The United States wants a slower phase-out of tariffs on South Korean cars and U.S. industry fuel economy and emissions standards to be automatically recognized in South Korea.

Choi said any change to the tariff phase-out schedule will have to involve changes to the text itself and is therefore unacceptable as a matter of principle. But he left open the possibility for discussions.
And Choi's not being an obstinate jerk here; he has plenty of good reasons to refuse any textual changes to the FTA.  First, there's the principle of the matter: the agreement has been completed and signed for well over three years, and, as the Washington Post's depressed editorial board put it, a deal's a deal.  Second, there's the politics: according to the Korean National Assembly's research team, any changes to the agreement's text would require completely restarting the FTA's (not-yet-completed) ratification process.  And considering the fact that the last time the KORUS FTA began that down that ratification road, the national opposition party held a "violent, 12-day seige of South Korea's parliament," it's pretty easy to see why Choi and his colleagues don't want to relive that fun.

So where does that leave us with President Obama's big meeting yesterday with the House (Anti)Trade Working Group (instead of, you know, the powerful House and Senate committee chairmen who are griping about beef and autos)?  Well, I see only two options: (1) Obama's playing rope-a-dope here (i.e., he plans to use this meeting as proof that he took their concerns into account before ditching them, or shoving them into an innocuous side-letter, and submitting the agreement to Congress as-is); or (2) he's going to cave to the group's demands and add them to his laundry-list of renegotiation points, thus further cementing KORUS' untimely demise (and the President's reputation as a politically-motivated trade policy wimp).

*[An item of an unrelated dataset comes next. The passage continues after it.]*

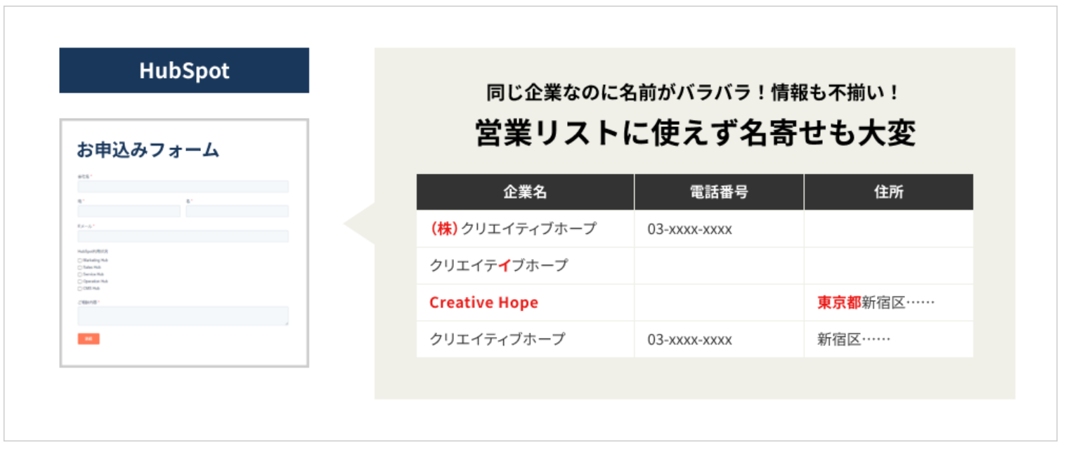 DX(デジタルトランスフォーメーション)改革が進む中、企業は CRMやマーケティングツールを活用して顧客データを集約・管理することが求められています。しかし、この過程で、企業情報の重複や不整合が生じ、営業部門やマーケティング部門の業務効率が低下する問題が発生しています。更には顧客情報の品質が悪いと、効果的なセグメンテーションやターゲティングが難しくなります。その結果、名寄せ作業に多くの時間と労力が必要になり、他の業務への支障が生じています。当社では HubSpot を用いた業務システム開発の知見を活かし、企業情報クレンジングの解決策として『名寄せフォーミー』をリリースすることにいたしました。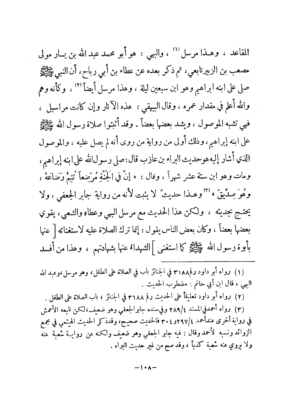 المقاعد وَهَذَا مُرْسل والبهي هُوَ أَبُو مُحَمَّد عبد الله بن يسَار مولى مُصعب بن الزبير تَابِعِيّ ثمَّ ذكر بعده عَن عَطاء بن أبي رَبَاح أَن النَّبِي صلى الله عَلَيْهِ وَسلم صلى على ابْنه إِبْرَاهِيم وَهُوَ ابْن سبعين لَيْلَة وَهَذَا مُرْسل أَيْضا وَكَأَنَّهُ وهم وَالله أعلم فِي مِقْدَار عمره وَقَالَ الْبَيْهَقِيّ هَذِه الْآثَار وَإِن كَانَت مَرَاسِيل فَهِيَ تشبه الْمَوْصُول ويشد بَعْضهَا بَعْضًا وَقد أثبتوا صَلَاة رَسُول الله صلى الله عَلَيْهِ وَسلم على ابْنه إِبْرَاهِيم وَذَلِكَ أولى من رِوَايَة من روى أَنه لم يصل عَلَيْهِ والموصول الَّذِي أَشَارَ إِلَيْهِ هُوَ حَدِيث الْبَراء بن عَازِب قَالَ صلى رَسُول الله على ابْنه إِبْرَاهِيم وَمَات وَهُوَ ابْن سِتَّة عشر شهرا وَقَالَ إِن فِي الْجنَّة مُرْضعًا تتمّ رضاعه وَهُوَ صديق وَهَذَا حَدِيث لَا يثبت لِأَنَّهُ من رِوَايَة جَابر الْجعْفِيّ وَلَا يحْتَج بحَديثه وَلَكِن هَذَا الحَدِيث مَعَ مُرْسل الْبَهِي وَعَطَاء وَالشعْبِيّ يُقَوي بَعْضهَا بَعْضًا وَكَانَ بعض النَّاس يَقُول إِنَّمَا ترك الصَّلَاة عَلَيْهِ لاستغنائة عَنْهَا بأبوة رَسُول الله صلى الله عَلَيْهِ وَسلم كَمَا اسْتغنى الشُّهَدَاء عَنْهَا بِشَهَادَتِهِم وَهَذَا من أفسد

I don't know about you, but after last week, I'm leaning towards door #2.

5 comments:

Colin said...

I'm genuinely curious why Obama thinks he even needs the support of such groups. Rep. Kevin Brady, slated to take over the trade subcommmittee, has flatly stated that Republicans are willing to take up KORUS and the other bilaterals in the first half of next year and are interested in their passage. Hell, he even said the GOP is willing to give TPA to Obama to help further the free trade cause. Most Republicans will vote for KORUS, so if Obama can just get even a significant minority of Democrats on board it should pass.

During the campaign Obama bashed NAFTA and this was later explained as just an election year sop to unions. And indeed, since taking office Obama's rhetoric has been more pro-trade. But with this inability to get KORUS done in Seoul, and this latest meeting with free trade opponents, you really have to wonder. Will the real Barack Obama please stand up?

Anonymous said...

Scott - What Republican is taking over the chairmanship of the House trade committee?

Scott Lincicome said...

Dave Camp (MI) will head Ways & Means, and Kevin Brady (TX) will chair the committee's trade subcommittee.

Steve Spiller said...

Are Mr. Camp and Mr. Brady of the libertarian persuasion?

John B. said...

How naive can you get? What did you expect Obama to say to Michaud and Co. -- take your list of demands and shove it? And did you expect Michaud to come out of that meeting and not put an overly positive spin on what had been said? The KORUS negotiations will certainly NOT be broadened to include labor, investment and finance. Everybody knows what would happen if they were: the Koreans would walk away and never come back. Your breathless posts about the administration's perfidy and fecklessness are getting a little tiresome.